>>

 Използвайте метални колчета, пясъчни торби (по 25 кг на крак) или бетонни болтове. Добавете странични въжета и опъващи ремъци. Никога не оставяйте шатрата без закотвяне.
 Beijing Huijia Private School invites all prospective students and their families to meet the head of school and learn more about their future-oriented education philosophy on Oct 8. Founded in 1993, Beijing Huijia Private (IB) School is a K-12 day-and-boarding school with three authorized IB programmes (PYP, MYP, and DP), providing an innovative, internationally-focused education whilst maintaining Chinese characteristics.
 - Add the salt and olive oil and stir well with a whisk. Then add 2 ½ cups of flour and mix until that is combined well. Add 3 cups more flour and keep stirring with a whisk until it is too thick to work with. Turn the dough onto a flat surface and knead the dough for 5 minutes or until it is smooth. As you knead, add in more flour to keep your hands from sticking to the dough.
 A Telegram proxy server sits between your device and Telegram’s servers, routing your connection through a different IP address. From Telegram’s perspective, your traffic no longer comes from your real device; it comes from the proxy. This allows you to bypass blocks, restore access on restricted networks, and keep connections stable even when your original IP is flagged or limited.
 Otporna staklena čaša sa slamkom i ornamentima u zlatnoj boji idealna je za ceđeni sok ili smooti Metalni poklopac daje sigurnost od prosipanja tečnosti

<<
>>

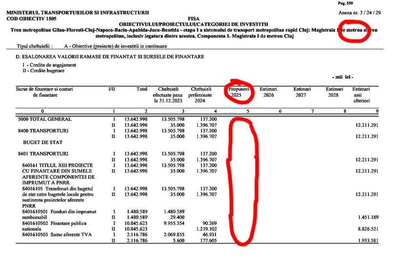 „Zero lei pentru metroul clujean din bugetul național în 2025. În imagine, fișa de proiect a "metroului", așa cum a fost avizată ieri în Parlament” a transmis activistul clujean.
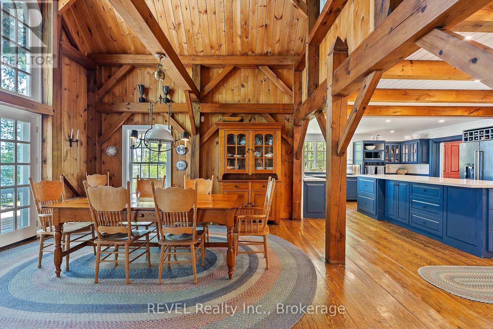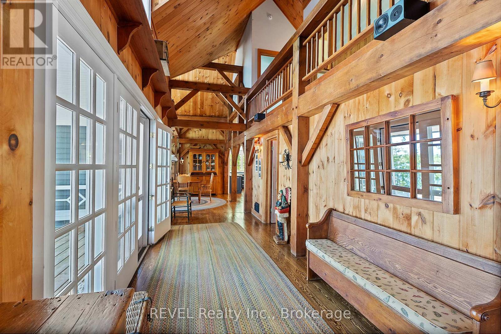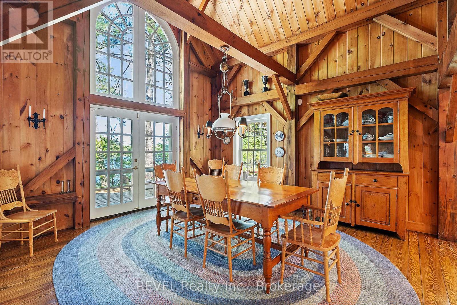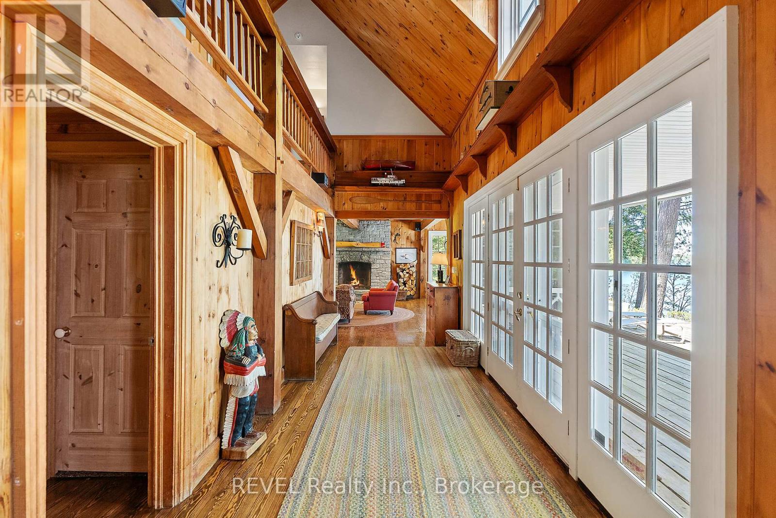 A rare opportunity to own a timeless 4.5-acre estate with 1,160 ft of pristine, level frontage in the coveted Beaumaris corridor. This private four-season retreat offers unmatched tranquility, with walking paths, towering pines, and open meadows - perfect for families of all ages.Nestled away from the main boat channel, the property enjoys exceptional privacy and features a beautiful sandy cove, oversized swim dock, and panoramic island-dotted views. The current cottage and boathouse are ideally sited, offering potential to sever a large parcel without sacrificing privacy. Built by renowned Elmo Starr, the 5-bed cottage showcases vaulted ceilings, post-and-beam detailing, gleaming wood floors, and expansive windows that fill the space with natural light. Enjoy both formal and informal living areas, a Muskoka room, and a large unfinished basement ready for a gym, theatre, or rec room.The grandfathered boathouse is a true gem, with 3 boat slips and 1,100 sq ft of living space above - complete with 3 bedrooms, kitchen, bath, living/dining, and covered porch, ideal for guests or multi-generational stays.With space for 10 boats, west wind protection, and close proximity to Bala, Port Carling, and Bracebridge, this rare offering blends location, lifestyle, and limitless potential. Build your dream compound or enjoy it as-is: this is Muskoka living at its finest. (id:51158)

<<

PROBLEM -> Among the records above, repeat exactly the line with "A Telegram proxy", the line with "Otporna staklena čaša", and every line in between, and only those.

SOLUTION TO THE PROBLEM ->
 A Telegram proxy server sits between your device and Telegram’s servers, routing your connection through a different IP address. From Telegram’s perspective, your traffic no longer comes from your real device; it comes from the proxy. This allows you to bypass blocks, restore access on restricted networks, and keep connections stable even when your original IP is flagged or limited.
 Otporna staklena čaša sa slamkom i ornamentima u zlatnoj boji idealna je za ceđeni sok ili smooti Metalni poklopac daje sigurnost od prosipanja tečnosti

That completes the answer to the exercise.